Когда была напечатана “Война и мир”, еще были живы участники войны 1812 года. Некоторые из них, ссылаясь на свой жизненный опыт, выразили сомнение в достоверности каких-то эпизодов у Толстого. У известного тогда сановника (несколько лет он был министром просвещения) А.С. Норова — в войну он служил подпоручиком артиллерии, был тяжело ранен, ему ампутировали ногу — особенное возмущение вызвало то, что у Толстого Кутузов читает французский роман Жанлис. Он считал, что Толстой оскорбил патриотическое чувство русских воинов: “До Бородино и после него мы все, от Кутузова и до последнего подпоручика артиллерии, каким был я, горели одним высоким и священным огнем любви к отечеству, смотрели на свое призвание как на некое священнодействие, и я не знаю, как бы приняли такого из нас господина, который бы в числе своих вещей имел книгу для легкого чтения, да еще французскую, вроде романов м-м Жанлис!”. Вскоре Норов умер: когда разбирали его бумаги и библиотеку, обнаружили переведенный на французский роман “Похождения Родерика Рондона” с надписью, сделанной Норовым по-французски: “Читал в Москве, раненый и попавший военнопленным к французам в сентябре 1812 г.” Видно, высокий сановник начисто забыл, каким был в 1812 году, что чувствовал, думал, что читал, а против Толстого выступил, выражая официальные представления о 1812 годе, сложившиеся у него не в войну, а в более поздние времена. Так что подлинная правда жизни была выражена не им, а “сочинителем” Толстым, добыта его художественным прозрением. И Богомолов был не прав, скептически относясь вообще к “сочинениям”. Но не могу при этом не признать, что по-настоящему проницательных художественных “прозрений” в романе “Генерал и его армия”, к сожалению, нет.

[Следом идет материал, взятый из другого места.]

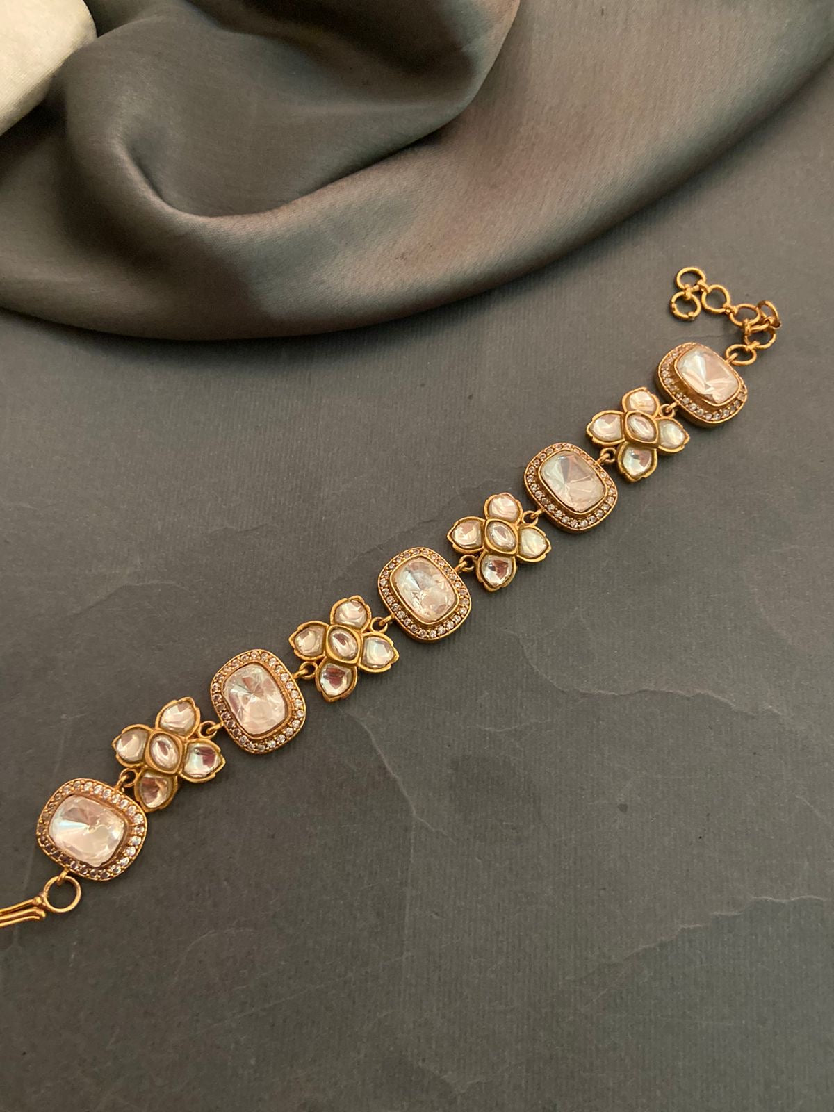 An ode to elegance made accessible. Emaan is adorned with uncut kundan-style stones framed in delicate crystal halos, accented by dainty floral motifs. Finished in 18k gold plating, this bracelet carries the essence of timeless heritage while fitting effortlessly into modern wardrobes.
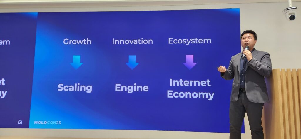 안 대표는 올해 몰로코의 미래 비전 키워드로 ‘Scaling’ ‘Engine’ ‘Internet Economy’를 소개했다. (사진=테크42)
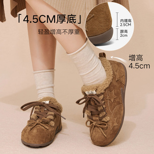加绒休闲运动鞋 厚底德训鞋 2025秋冬新款 小白鞋 红 小个子内增高女鞋
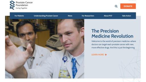 PCF’s new helix-inspired logo signals the Foundation’s emphasis on personalized, genomics-driven precision medicine. A fully redesigned website features a sleek, simplified interface with enhanced capabilities and information to help men on their critical day of need.
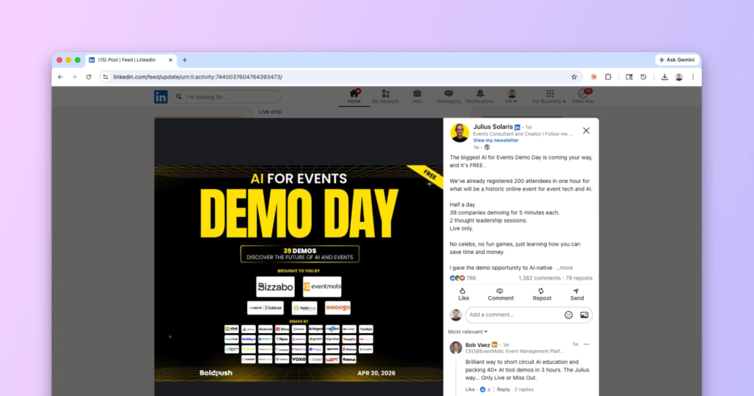 On April 30, Julius Solaris and the BoldPush team are hosting the biggest AI for Events Demo Day ever. 39 companies, 5 minutes each, half a day, free, live only.

Последние дни Богомолова, как я слышал, были омрачены судебным процессом, в котором ему пришлось участвовать. Но процесс этот затеял он сам: подал в суд на автора развязной, хамской рецензии, который приписывал Богомолову то, чего он не писал. Богомолов был уверен, что поймал фальсификатора за руку и справедливо накажет. Наверное, такого рода оскорбительные выпады лучше всего пропускать мимо ушей. Но то ли Богомолов ощущал в тот момент нехватку адреналина, то ли наглость рецензента его очень уж задела. Что об этом толковать — такова была его “порода”. Стерпеть, оставить без внимания оскорбительную статейку он не мог. Дела не выиграл, в таких процессах на коне сутяги и пройдохи. Да и судей, занимающихся подобными конфликтами, мало волнуют нравственные представления, этические нормы — не их это сфера, они, как правило, руководствуются совсем другими ориентирами и правилами. К тому же судья, мягко скажу, с Богомоловым отнюдь не церемонилась. Так что нахлебался он…

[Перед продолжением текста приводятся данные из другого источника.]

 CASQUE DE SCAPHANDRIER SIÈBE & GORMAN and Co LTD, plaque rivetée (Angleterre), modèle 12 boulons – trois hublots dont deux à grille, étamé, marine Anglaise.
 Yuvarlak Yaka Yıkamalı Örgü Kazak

Но Богомолов и представить себе не мог, что будут писать о нем после его кончины, какая каша заварится. Кашу заварила Ольга Кучкина, напечатав большую статью под лукаво многозначительным названием ““Момент истины” Владимира Богомолова”, уже этим названием давала она понять читателям, что будет выводить на чистую воду известного писателя.
Писать об этом мало радости, но и промолчать нельзя… Я решил написать об этой статье, потому что наша публика теперь очень падка на разоблачительные сенсации — как говорится, хлебом ее не корми… Главная задача заметок Кучкиной — развеять миф о Богомолове, который он сам создал: выдумал биографию, неизвестно, воевал ли на самом деле, писал о войне на основе чужих писем и прочитанных в архиве документов. Но многие из накопанных Кучкиной свидетельств, показаний, которые она воспринимает и представляет читателям как безупречные, у меня доверия не вызывают. Пишу “накопанных”, хотя Кучкина изображает дело так, что все эти материалы сами собой вдруг на нее посыпались. Сразу же возник вопрос — не мог не возникнуть: почему все это не всплывало в прошлом, когда жив был Богомолов, когда у него многое можно было выяснить. Не появились ли они потому, что Кучкина открыла им дорогу, спровоцировала своим выступлением в газете, искала и, быть может, даже так или иначе организовывала — с некоторыми из свидетелей она беседовала, целенаправленно их расспрашивала.
Вот обвинение, которым открывает Кучкина свой большой счет писателю: он скрыл, что его отец Войтинский был репрессирован, а потом он даже изменил свою фамилию, стал Богомоловым. Почему-то она предъявляет счет не чудовищному жандармскому режиму, существовавшему в стране, а человеку, вынужденному скрывать, кто его отец. А ведь эта история — один из множества подобных случаев. Может быть, стоит напомнить, что “чсвн” (член семьи врага народа) просто автоматически давали срок — один из собеседников даже об этом ей напоминает. Но реакции никакой, это пропускается мимо ушей. Хочу напомнить, что в анкетах тогда спрашивали: были ли вы или ваши родственники в плену и на оккупированной территории? Неужели Кучкина этого не знает, не слышала об этом. Или думает, что этот вопрос задавали для того, чтобы оказать помощь людям, натерпевшимся горя и унижений под пятой захватчиков — военнопленным, остарбайтерам. В каких райских палестинах она росла, жила, если все это прошло мимо нее, не сидит в памяти? И здесь я еще раз процитирую Бориса Слуцкого — у него есть горькое стихотворение “Улучшение анкет” о том, как “хранят от неприятностей семью”
В анкетах лгали,
Подчищали в метриках,
Равно боялись дыма и огня…
Можно ли не принимать во внимание эти изуверские обстоятельства, обращаясь к столь кровоточащим судьбам?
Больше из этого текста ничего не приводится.